# Seafrance-good price !



## Waleem (Nov 1, 2006)

Just booked ten days in France for next year-18th Aug to 1st Sept. Return crossing for our 8M motorhome with four of us is £62 through the Caravan Club. Very pleased with the price!!


----------



## peejay (May 10, 2005)

Good one John.

SeaFrance certainly seem to be the ones in the driving seat for low 2007 prices so far.

pete


----------



## Snelly (Aug 20, 2005)

Yes John, that is good! What times are you sailing?


----------



## Waleem (Nov 1, 2006)

We are sailing roughly lunchtime to lunchtime-I think 12.45-1.45ish (Am away from my diary!) Wasnt planning to book yet, but at that price....


----------



## geraldandannie (Jun 4, 2006)

Hi, John

My wife booked yesterday (she likes to plan ahead :roll: ) - same price, I think. Sunday 22nd July - 13th August.
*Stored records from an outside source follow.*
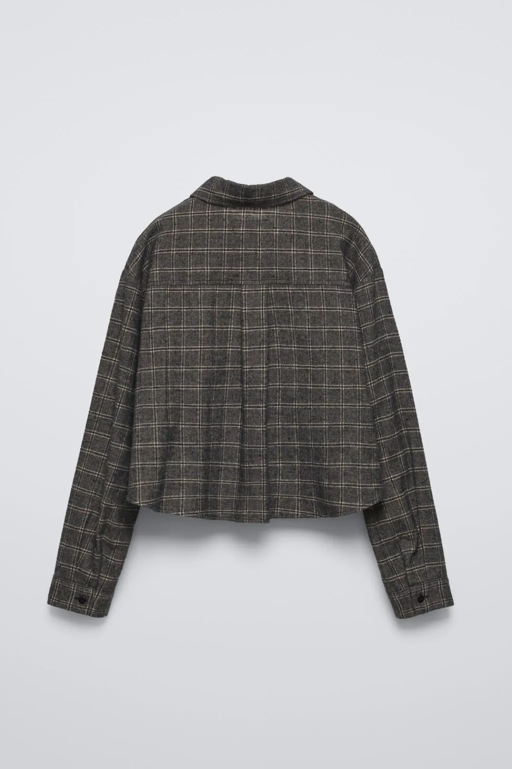 Camisa con cuello camisero y manga larga con cierre botón. Cierre botonadura frontal oculta por solapa. Bolsillo tipo plastrón en pechera. Estampado cuadros.
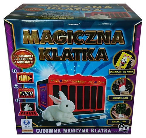 Magiczna klatka to wyjątkowy magiczny rekwizyt zaczerpnięty z wielkich scen i niezwykłych iluzji. Zestaw zawiera sztuczkę od balonikiem do królika i wiele innych łatwych do zrobienia trików. Instrukcja krok po kroku pokaże ci jak wykonać poprawnie każdą sztuczkę ale pamiętaj magia to przede wszystkim dobra ZABAWA!
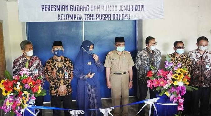 Sekda Kab. Tasikmalaya Mohamad Zen (tengah) didampingi Anggota DPR RI Komisi XI Siti Mufattahah (ketiga dari kiri), Deputi BI Jabar, Kepala Perwakilan BI Cirebon, Kepala BI Kantor Perwakilan, dan Wakil Ketua DPRD Eri Purwanto saat peresmian gedung dan rumah kopi Kelompok Tani Pusparahayu. Foto/dok. Diskominfo Kab. Tasikmalaya. /Inovatif89.com/Fauzi.

Again, 'sensible' sailing times - out @ 9.30, back @ 15.30. We booked ours through an old fave of mine - http://www.aferry.to/cross-channel-ferry.htm

Gerald


----------



## whistlinggypsy (May 1, 2005)

Gerald, i assume you got a price of £52.00 which is an excellent price for high season.

Bob


----------